Reflections on RSNA 2013

I have attended the RSNA show for over a decade, but always as a vendor. My days consisted of many meetings with many customers of varying needs, trying to convince them that the products that our company made were superior to those offered across the aisle by the competitors.

This year was my first year as a consultant. I attended on behalf of clients, meeting with several vendors to discover how their solution could help my client meet their business and clinical objectives.

In short, I was on the other side of the fence for the first time. And it was enlightening.

First, as a vendor, you are on your feet for hours, actively listening, talking, and demonstrating software or presenting information at a high energy level. It is exhausting and your body feels it by the end of the show.

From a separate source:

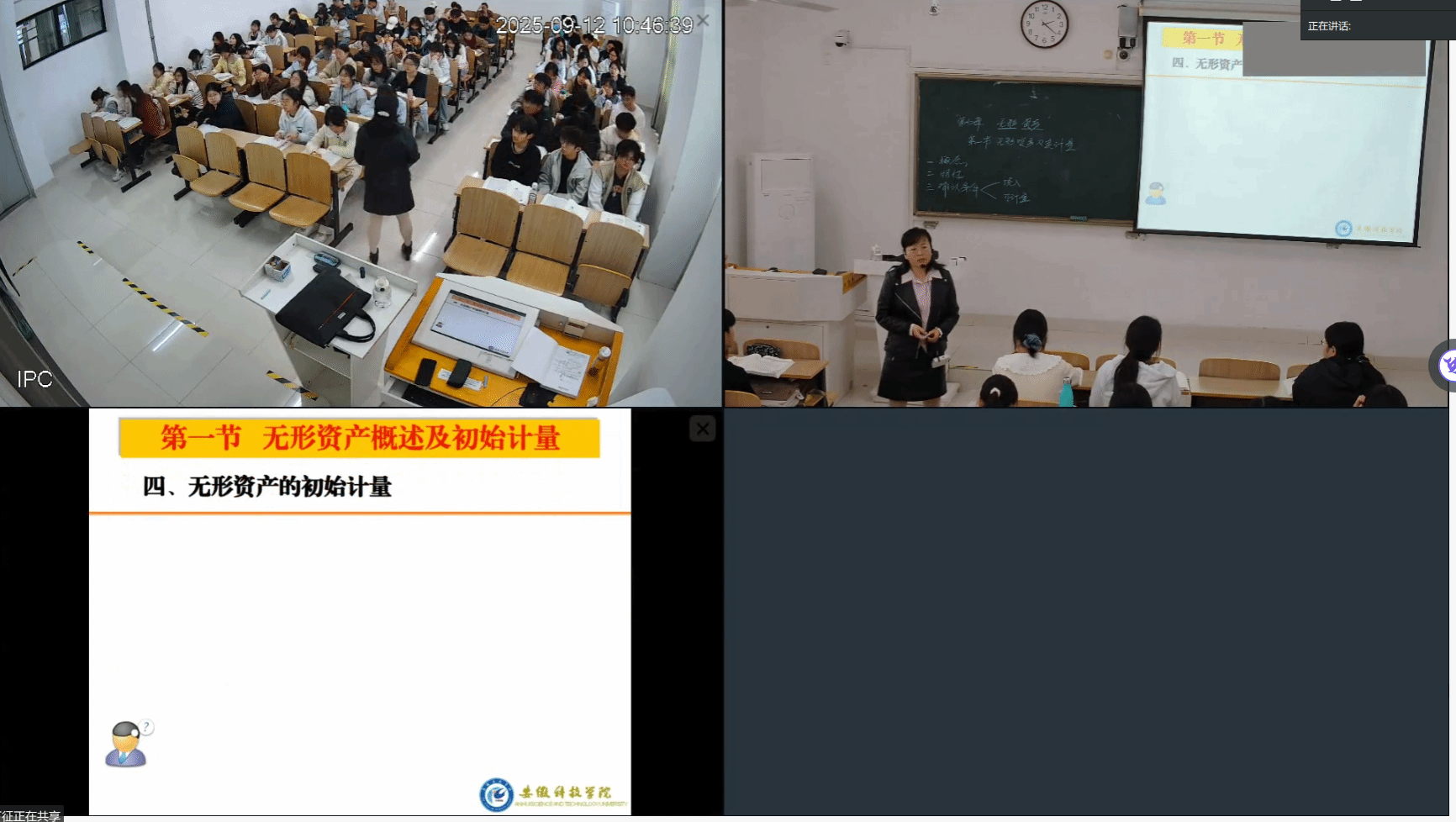 钟德仁系统讲解了无形资产的概念、特征、确认条件及具体内容,涵盖其入账价值、摊销、期末计价与转让等关键环节。她通过随堂练习强化学生对知识点的理解,并结合华为公司的研发投入与资本化案例,引导学生思考无形资产计量对企业财务与战略发展的影响。课堂互动频繁,学生积极参与讨论,教学氛围活跃。

As an attendee, representing a recognized and respected healthcare institution, I had a much different experience. Upon arrival at the vendor’s booth, we (I was accompanied by one or more representatives from the hospital), were led to the comfy couches. We were offered water or coffee or a latte. Everyone was attentive and polite. I would be lying if I said that I did not enjoy this more than the grueling schedule of vendor staff (do thank them when you see them—they work very hard at RSNA).

My personal user experience aside, I had some observations on the way vendors manage the interaction with a potential (or existing) customer.

Caveat: I am not a sales person and have not been one in any capacity since working retail just out of high school. I do not profess to be a sales expert, but I have observed some of the best and worst at their craft, so I know some things about the art of selling.

Observation #1: Vendors do not ask enough questions

I thought this was Sales 101. Qualify the lead.

What problem are they trying to solve? Why did they come to the booth? What are they trying to learn/accomplish during the appointment? Where are they in the buying cycle? Do they have budget? Who is involved in making a decision? What solutions are under consideration?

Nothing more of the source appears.